Heißt in meiner Sprache: Wer sich hinsetzt, (Vorsicht: Gilt für Sie und mich jeden Tag aufs Neue), wer sich hinsetzt also, schaltet ein Krankheits- und Todesprogramm ein. Eine nüchterne, sachliche Feststellung.

Die Wissenschaftler berechnen also, dass Bewegungsmangel weltweit verantwortlich ist für

  • 6% der Herzleiden
  • 7% des Diabetes II
  • 10% des Brustkrebses
  • 10% des Darmkrebses
  • 9% für den vorzeitigen Tod

Nach ihren Berechnungen war fehlende körperliche Aktivität schuld an 5,3 Millionen von weltweit 57 Millionen Todesfällen im Jahr 2008. Damit ist Bewegungsmangel vergleichbar mit der Wirkung des Rauchens.

Interessant: Ein Drittel der erwachsenen Weltbevölkerung gilt als inaktiv.

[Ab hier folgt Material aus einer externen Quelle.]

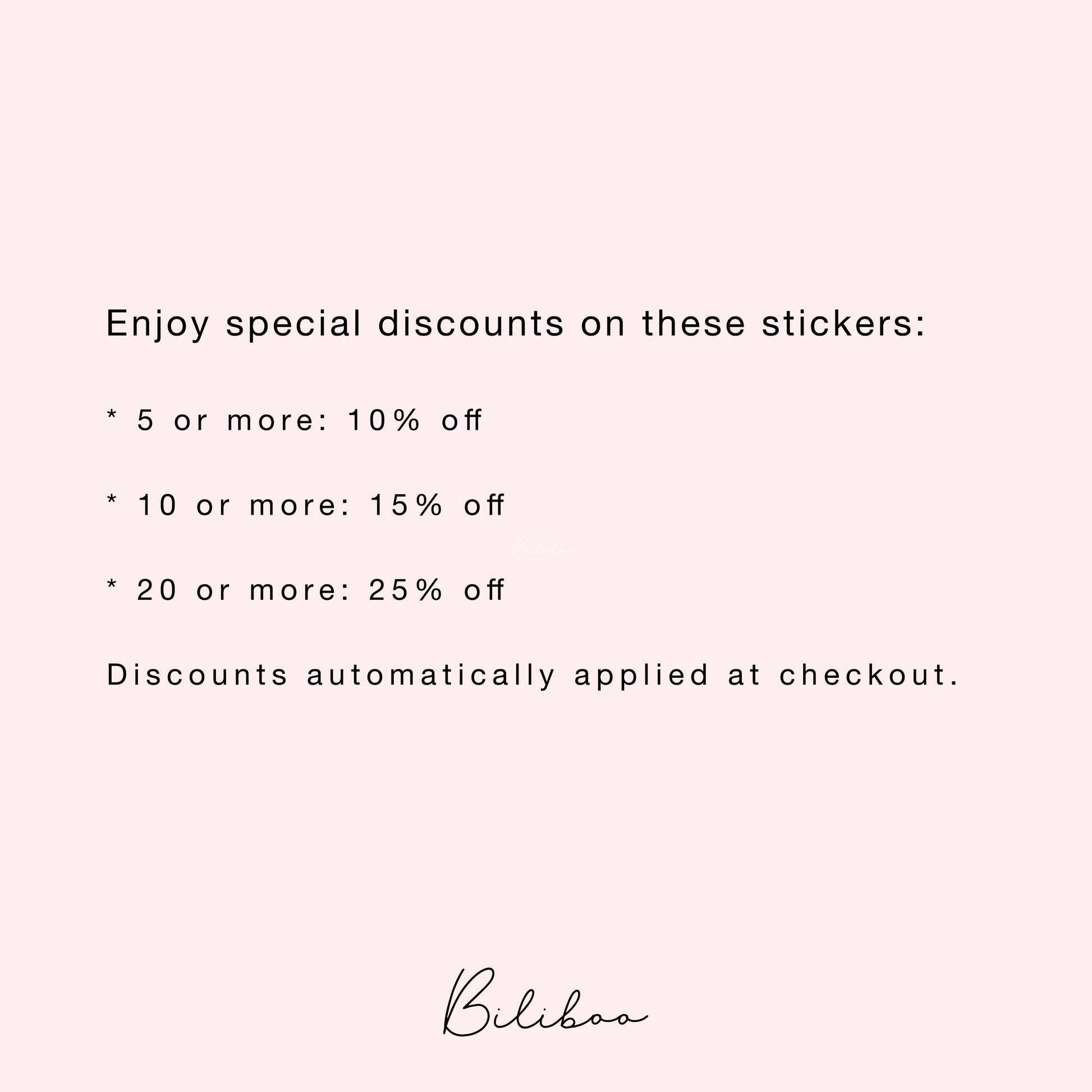 Crafted for durability and beauty, our weatherproof and scratch-resistant stickers are perfect for personalizing laptops, water bottles, journals, and more. Made with premium vinyl material, they withstand the elements, keeping their colors bright and your affirmations visible come rain or shine.

Unter den 13-15jährigen trifft das sogar für 80% zu (ich habe 2 Kinder. Kann das bestätigen).

Definiert wurde inaktiv mit weniger als drei mal die Woche sich kräftig oder weniger als fünf mal die Woche sich mäßig anstrengen (30 Minuten).

Mein Kommentar: Weit unterschätzt. Sie können die Prozentzahlen ohne Weiteres verdrei- bis verfünffachen. Deshalb, weil tägliche, anstrengende Bewegung ja zu Zweit- und Drittreaktionen führt. Andere Dinge anstößt. Das Leben und das Denken generell verändert. Und damit noch sehr viel wirksamer ist gegen Krankheiten und den Tod.

Ganz, ganz neu ist, dass diese letzten Sätze beweisbar sind. Seit wir Telomere vermessen können.